[Stored data entries]

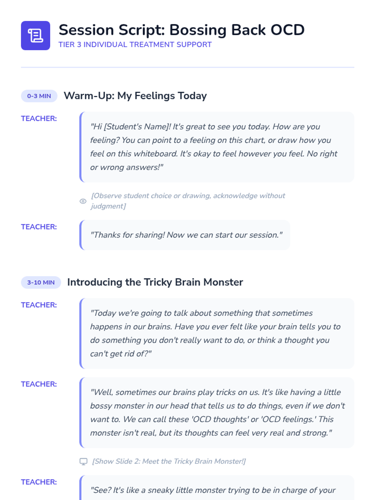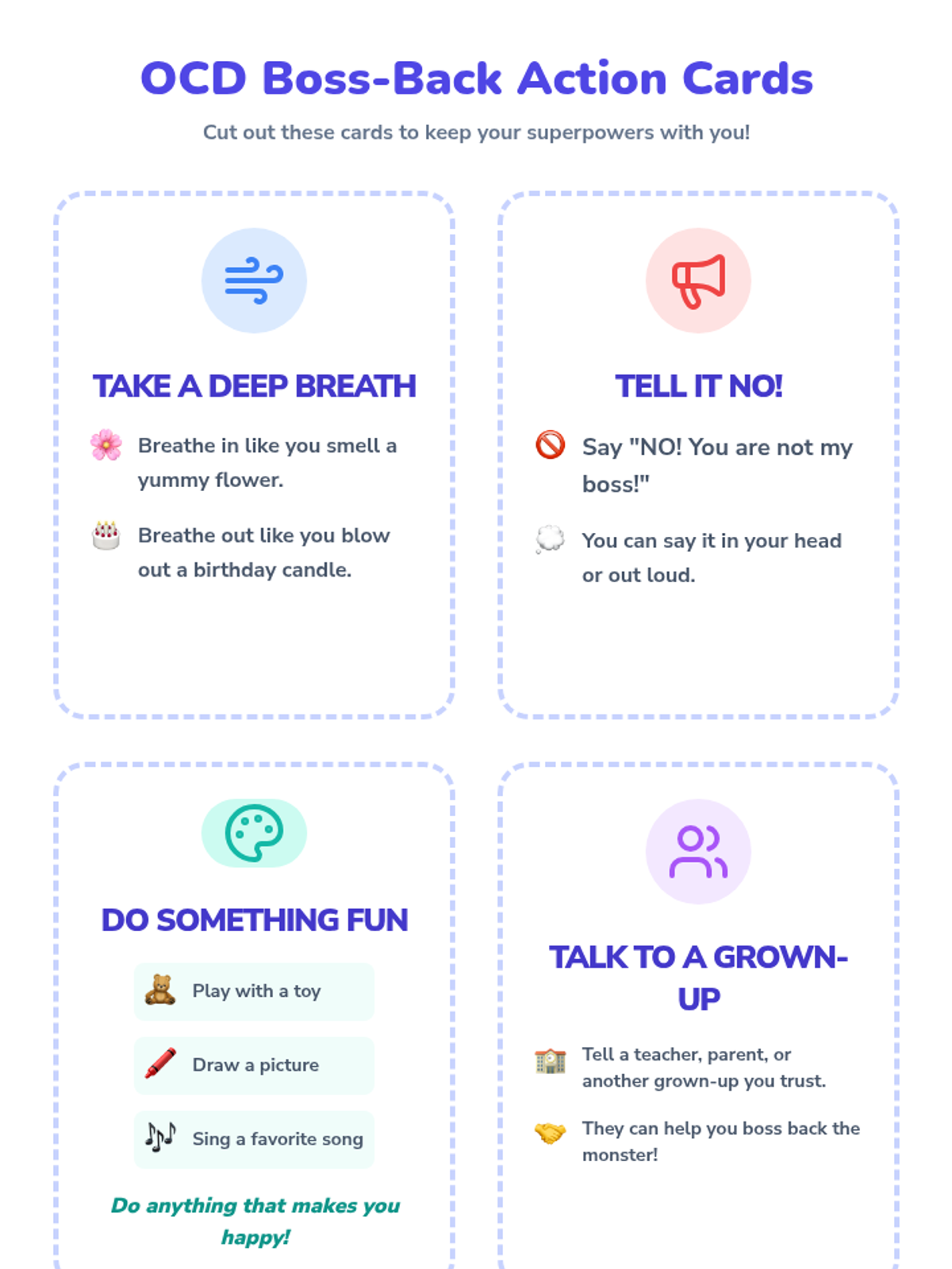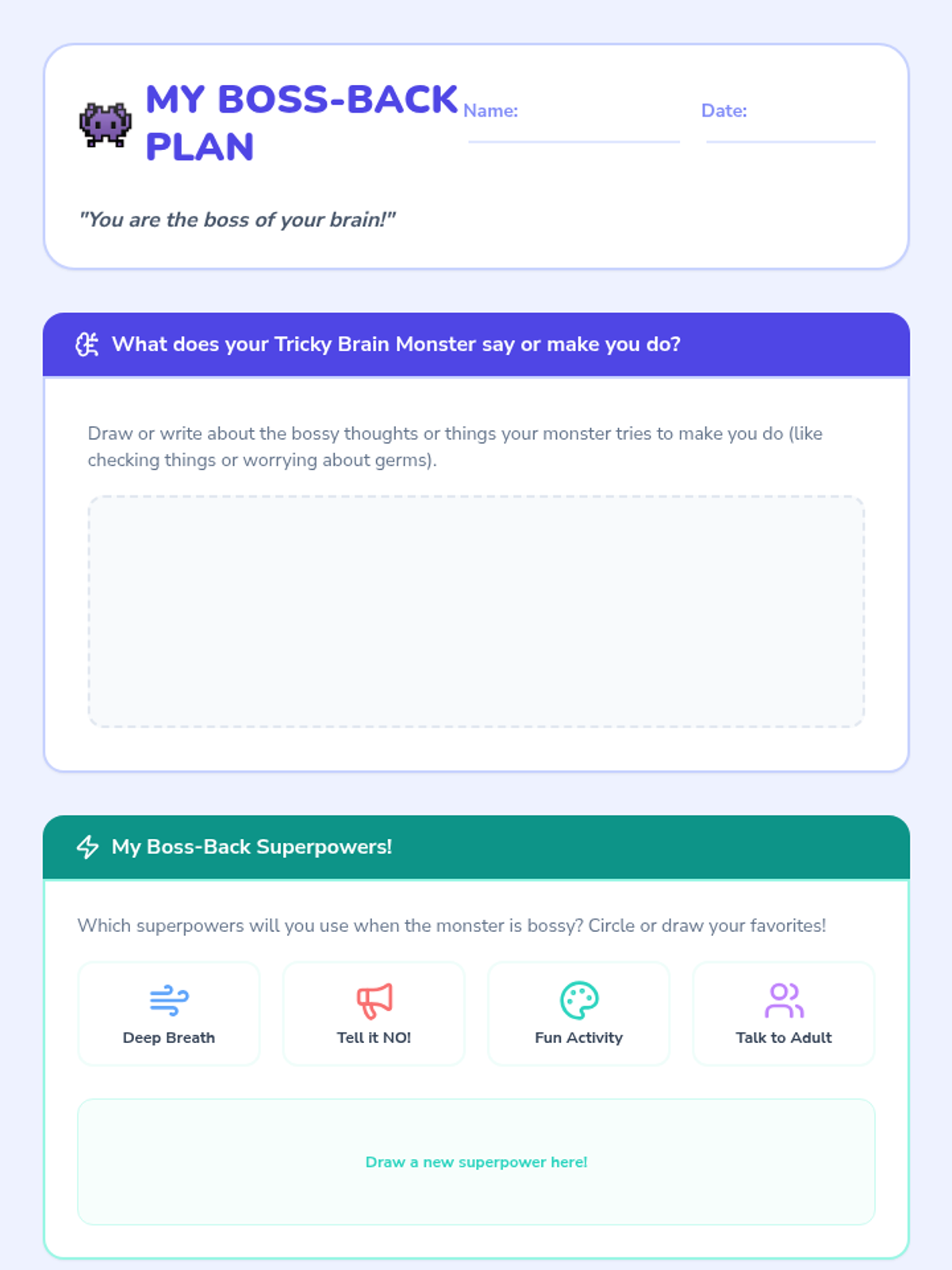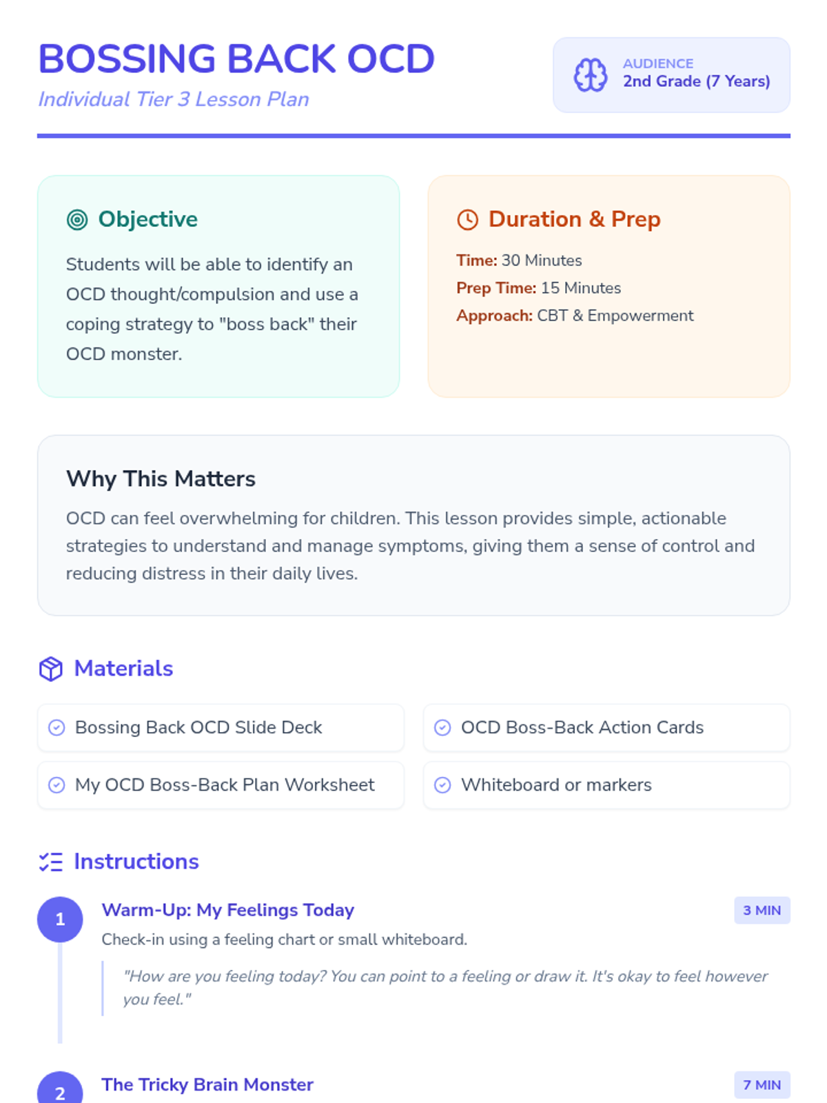A child-friendly CBT individual treatment plan to empower 2nd graders to manage OCD thoughts and compulsions using 'bossing back' strategies.
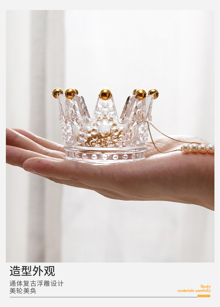 米立風物ins皇冠玻璃燭臺擺件北歐浪漫家用香薰蠟燭杯戒指收納盒1入
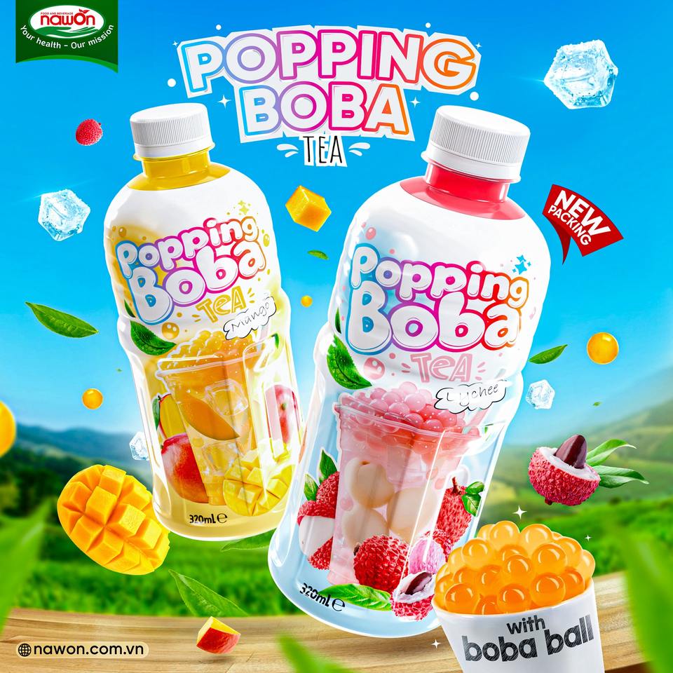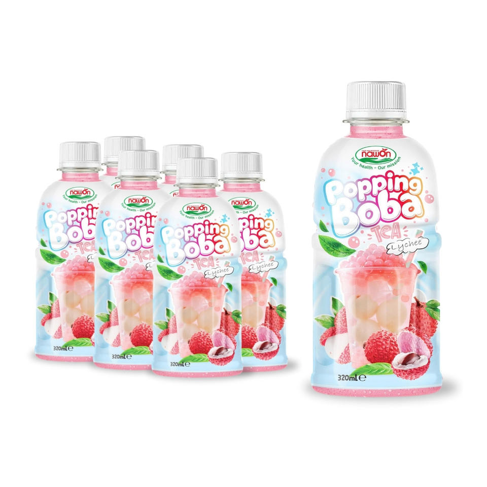 ชาพีชเย็นแบบขวด 320 มล. ตราสินค้าสั่งผลิต พร้อมไข่มุกป๊อปปิ้ง ตัวอย่างฟรี ได้รับการรับรองมาตรฐาน ISO HACCP โรงงานนาวอน
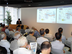 「クリーンディーゼルの最新動向」と題し,パワーポイントを用いて(1)マーケット情報(2)ディーゼルエンジンの進化(3)CO2低減(4)コモンレールシステム?排気後処理装置―を内容とする配布資料に沿って解説されたが、各項目とも充実した内容であり、クリーンディーゼルの優れた点が理解できた。ボッシュは2004年から日本でディーゼル車の普及促進活動を展開していることもあって、難解なディーゼルエンジンの制御をCG(コンピューターグラフィック)による動画で解り易く解説した資料が用意されるなど、その意気込みが感じられた。
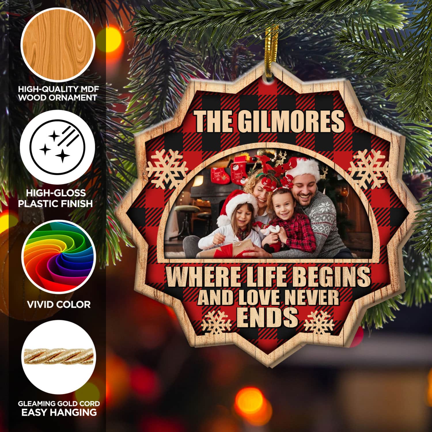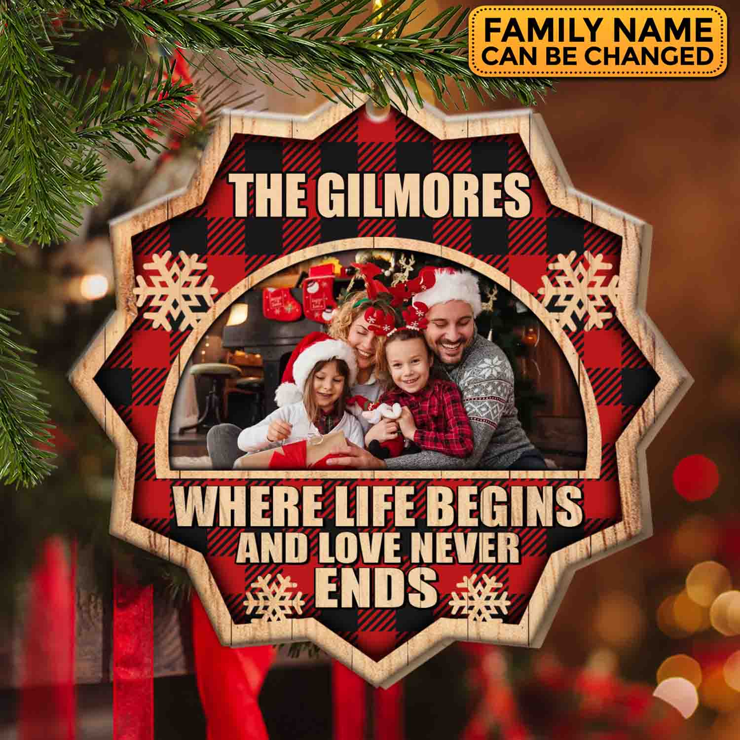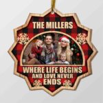 Let’s Shop Personalized Family Where Life Begins And Love Never Ends Custom Shaped Wooden Christmas Ornament Keepsake!
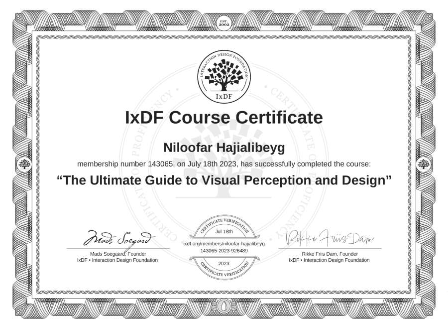 Niloofar Hajialibeyg's IxDF Course Certificate: The Ultimate Guide to Visual Perception and Design

» Prompt
The complete set of records should be written out again, pictures excluded.

» Task answer
A child-friendly CBT individual treatment plan to empower 2nd graders to manage OCD thoughts and compulsions using 'bossing back' strategies.
 米立風物ins皇冠玻璃燭臺擺件北歐浪漫家用香薰蠟燭杯戒指收納盒1入
 ชาพีชเย็นแบบขวด 320 มล. ตราสินค้าสั่งผลิต พร้อมไข่มุกป๊อปปิ้ง ตัวอย่างฟรี ได้รับการรับรองมาตรฐาน ISO HACCP โรงงานนาวอน
 「クリーンディーゼルの最新動向」と題し,パワーポイントを用いて(1)マーケット情報(2)ディーゼルエンジンの進化(3)CO2低減(4)コモンレールシステム?排気後処理装置―を内容とする配布資料に沿って解説されたが、各項目とも充実した内容であり、クリーンディーゼルの優れた点が理解できた。ボッシュは2004年から日本でディーゼル車の普及促進活動を展開していることもあって、難解なディーゼルエンジンの制御をCG(コンピューターグラフィック)による動画で解り易く解説した資料が用意されるなど、その意気込みが感じられた。
 Let’s Shop Personalized Family Where Life Begins And Love Never Ends Custom Shaped Wooden Christmas Ornament Keepsake!
 Niloofar Hajialibeyg's IxDF Course Certificate: The Ultimate Guide to Visual Perception and Design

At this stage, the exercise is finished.